How we know what you know
Having read something is not knowing it. Here is exactly how AI-grafen decides where you start, when you know something and what the certificate means.
1. The knowledge graph
All content is nodes in a graph: a node is one well-defined piece of knowledge, e.g. «cosine similarity» or «reranking». Each node has prerequisites, learning objectives, exercises and sources.
A goal is a set of end nodes. The path there is everything they build on, in the order it builds on itself.
2. The diagnostic
The diagnostic asks questions on nodes along the prerequisite chain and updates a probability for every node in the goal after each answer. A correct answer makes it likely that you also know what the node builds on; a wrong one makes it likely that what builds on the node is missing too.
The next question is chosen where uncertainty is greatest. If you answer wrong, the level below is probed. The number of questions depends on the size of the goal — between 8 and 20 — and the diagnostic stops earlier when it is confident.
The diagnostic never counts as proof of mastery. It only decides where you start.
3. Mastery
A node counts as mastered only when the probability is at least 85 % and it rests on at least two different kinds of evidence — for example a multiple-choice question and an explanation in your own words.
From level D a practical piece of evidence is also required: code, debugging, an evaluation or a transfer task in a new context.
Knowledge fades. Each node has a half-life that grows as you review; when the probability drops, the path adds a review.
4. Labs with hidden tests
In the labs you write the code yourself — in the browser or in an isolated sandbox on the server (gVisor, no network, with time and memory limits).

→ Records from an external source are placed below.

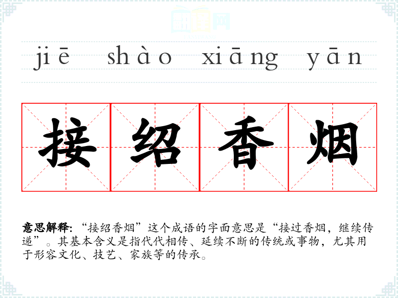 “接绍香烟”这个成语的字面意思是“接过香烟,继续传递”。其基本含义是指代代相传、延续不断的传统或事物,尤其用于形容文化、技艺、家族等的传承。
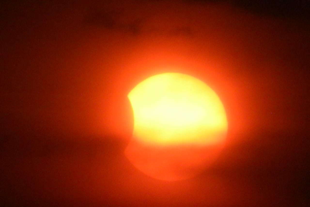 “Foi a oportunidade única para as fotos. Essas primeiras imagens, com o céu avermelhado, foram capturadas sem nenhum filtro. Foi a atmosfera que ‘fez o trabalho’, devido à fuligem e às nuvens, gerando essa coloração”, explicou o astrônomo amador.
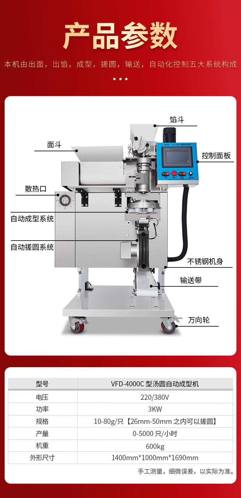 VFD-4000型湯圓自動(dòng)成型排盤(pán)一體機(jī),本機(jī)依外皮及餡料的種類(lèi)不同,可制作湯圓、豆沙包、南瓜餅、奶黃包、含餡饅頭、玉兔包等包餡食品的設(shè)備。工作效率高、相當(dāng)于8-12個(gè)工人同時(shí)制作湯圓,真正低收入、高收效、省錢(qián)省工。適合用于各種工作場(chǎng)所。免費(fèi)上門(mén)安裝,贈(zèng)送工藝
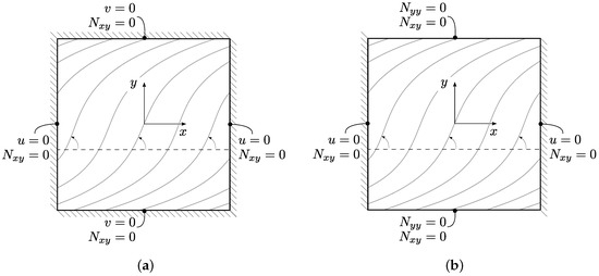 The first set of conditions is illustrated in Figure 2a, and is relative to a VSP with fibers varying along the direction x. The in-plane conditions are such that normal displacements at the boundaries are zero. Recalling Equations (17) and (19), the axial shortening along the x-direction is then:
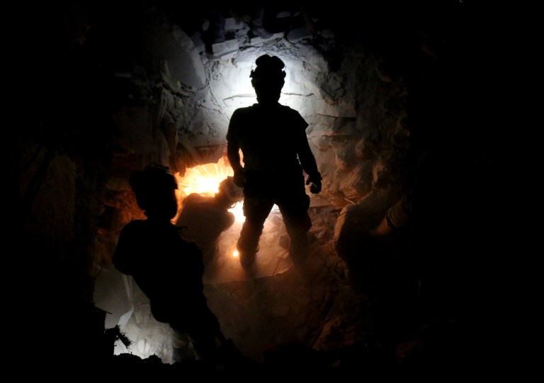 Photo: Syrian civil defence volunteers, known as the White Helmets, search for victims amid the rubble of destroyed buildings following a government forces air strike on the rebel-held neighbourhood of Bustan al-Basha in the northern city of Aleppo, on 4 October 2016 (AFP)

Grading is done by tests you cannot see. Code that looks right or prints the right thing is not enough; it has to handle cases you didn't know about.
5. The tutor
The tutor is an AI model given the node's content and sources. It gives hints and counter-questions, not finished answers.
It can be wrong. That is why exercises and tests — never the tutor — decide what you have mastered.
6. The certificate
The certificate lists the nodes you have mastered, the kinds of evidence behind each node, and which labs you passed with how many tests.
It is signed and has a verification link, so whoever receives it can check that it has not been changed.
It is documented evidence of what you have done — not a formal qualification, and not a replacement for a degree.
7. We measure whether the engine works
Every answer is logged with what the engine predicted beforehand. Three measures are tracked every week:
- Calibration: when the engine says a 70 % chance of a correct answer — are 70 % correct?
- Diagnostic accuracy: do those judged to know a node pass it on the first try more often than those judged to lack it?
- Value of prerequisites: do people do better on a node when the prerequisite has been shown? Edges that don't help are reviewed.
During the beta the data is small. We will publish the measures when they say something.
Why not just ask ChatGPT?
A chatbot answers what you ask well. It doesn't know what you already know, what you are missing or whether you can actually do what it explained. AI-grafen keeps track of that, picks the next step from it and lets tests decide.